New York Times Editorial: Let’s Nationalize The Banks
10:44am
Watching our modern political theater, in which government-caused crises are used as an excuse for more government control, I’m reminded often of this 1934 Chicago Tribune editorial cartoon from Carey Orr. Specifically the “plan” down in the lower left-hand corner:

There is a lot of blaming capitalism for government failures going. Our friends on the left have perpetrated a myth about the housing collapse and banking crisis being the result of unfettered capitalism when really the root of the policy was government policy which promoted subprime lending. But facts don’t matter. It was capitalism that caused the subprime mortgage bust, and now that blame of capitalism is fueling calls for a nationalization of the nation’s largest banks. And not in some obscure left-wing rag, but in the editorial pages of the New York Times:
Most liberals in Washington — President Obama included — keep hoping the banks can be more tightly controlled but otherwise left as is. That’s the theory behind the two-year-old Dodd-Frank law, which Republicans and Wall Street are still working to eviscerate.

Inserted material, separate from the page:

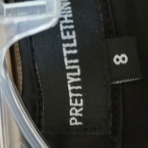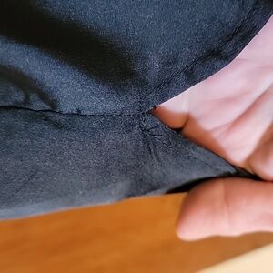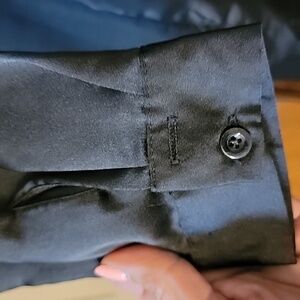 Chic black satin dress. Ideal for a night out.There is no hook to keep the dress from opening in front but if you are good at sewing you could add one
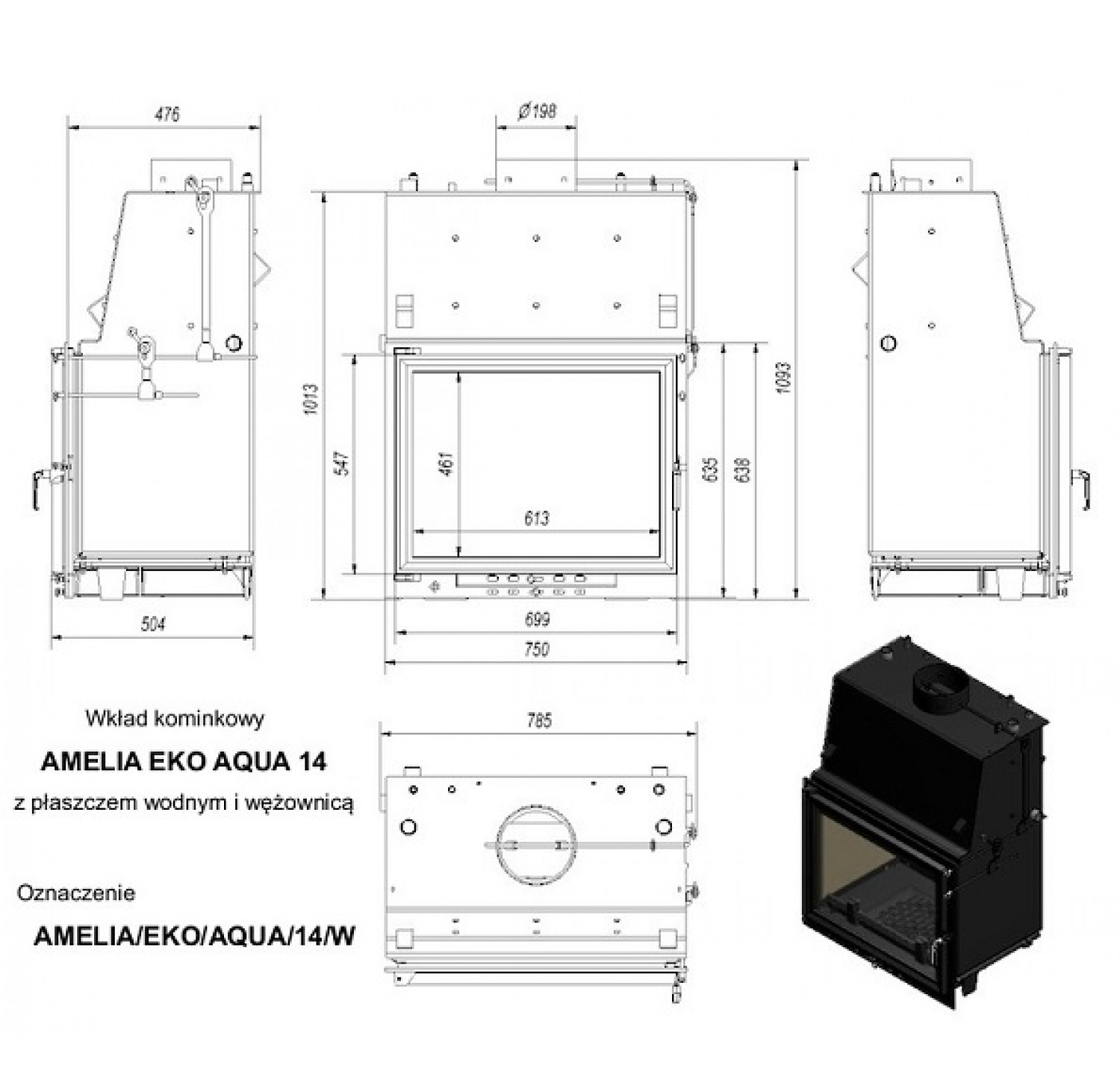Amelia EKO/AQUA/14/W (змеевик)— топочная камера или топка-вкладыш, предназначена для отопления дома площадью до140 кв.м. Серия топок EKO AQUA отKRATKI- топки небольшой производительности, новысокой эффективности. Благодаря наличию футеровки камеры сгорания исистемы дожига выхлопных газов топка Amelia EKO/AQUA/14/W имеет КПД более 80%, инизкий показатель выброса вредных веществ. Преимущества топок серии Amelia EKO/AQUA/14/W отKratki: Топка закрытого типа снепрерывным горением ивстроенным водяным теплообменником мощностью 14 кВт иобъемом 58 л; Линия топок серии EKO AQUA имеет награду «Лидер новых технологий 2012» Футеровка камеры сгорания материалом Acumotte; Система дожига выхлопных газов— способствует уменьшению вредных выбросов ватмосферу; Медный змеевик— защита топки отперегрева инагревание воды набытовые нужды; Высокий дымосборник, присоединение дымоход сверху; Топливо— твердая древесина, коричневый уголь; Рама топки истанина изготовлены изтермоупорного чугуна; Топка с водяным теплообменником изготавливается изнелегированной листовой стали специальных сортов; в камере сгорания расположены дымоградные трубы увеличивающие поверхность теплообмена втопке; Термостойкое стекло Robax (порог температурной устойчивости 800 С); Система чистого стекла предотвращает быстрое загрязнение; Встроенный шибер, дефлектор извермикулита; Система холодной ручки; Управлением потоками первичного ивторичного воздуха для горения; Решетка надне камеры сгорания, ящик для сбора пепла; Накорпусе топки предусмотрены специальные ручки, предназначенные для удобства транспортировки; Держатель для дров, предотвращает рассыпание дров при открытии топки.

Some economists in and around the University of Chicago, who founded the modern conservative tradition, had a surprisingly different take: When it comes to the really big fish in the economic pond, some felt, the only way to preserve competition was to nationalize the largest ones, which defied regulation…
One of the most important Chicago School leaders, Henry C. Simons, judged in 1934 that “the corporation is simply running away with our economic (and political) system.” … The central problem, then as now, was that very large corporations could easily undermine regulatory and antitrust strategies…
Simons did not shrink from the obvious conclusion: “Every industry should be either effectively competitive or socialized.” If other remedies were unworkable, “The state should face the necessity of actually taking over, owning, and managing directly” all “industries in which it is impossible to maintain effectively competitive conditions.”
The governemnt promoted and incentivized subprime lending, and when the banks went after the subprime mortgage market with gusto creating a bubble that ultimately popped, some want to take the banks over as punishment for that misguided government policy.
It’s amazing how the failure of intrusive government policy leads some to demand even more government intrusion.
What makes us think that the government can manage the banks any better? Again, the banking crisis of the Bush/Obama administrations was brought about by government policy which made social engineering, and not profits, the goal of lending. Had we not replaced the profit motive with a social agenda we’d have never had the financial collapse.
But the left, unable to own up to their own mistakes, won’t accept that reality.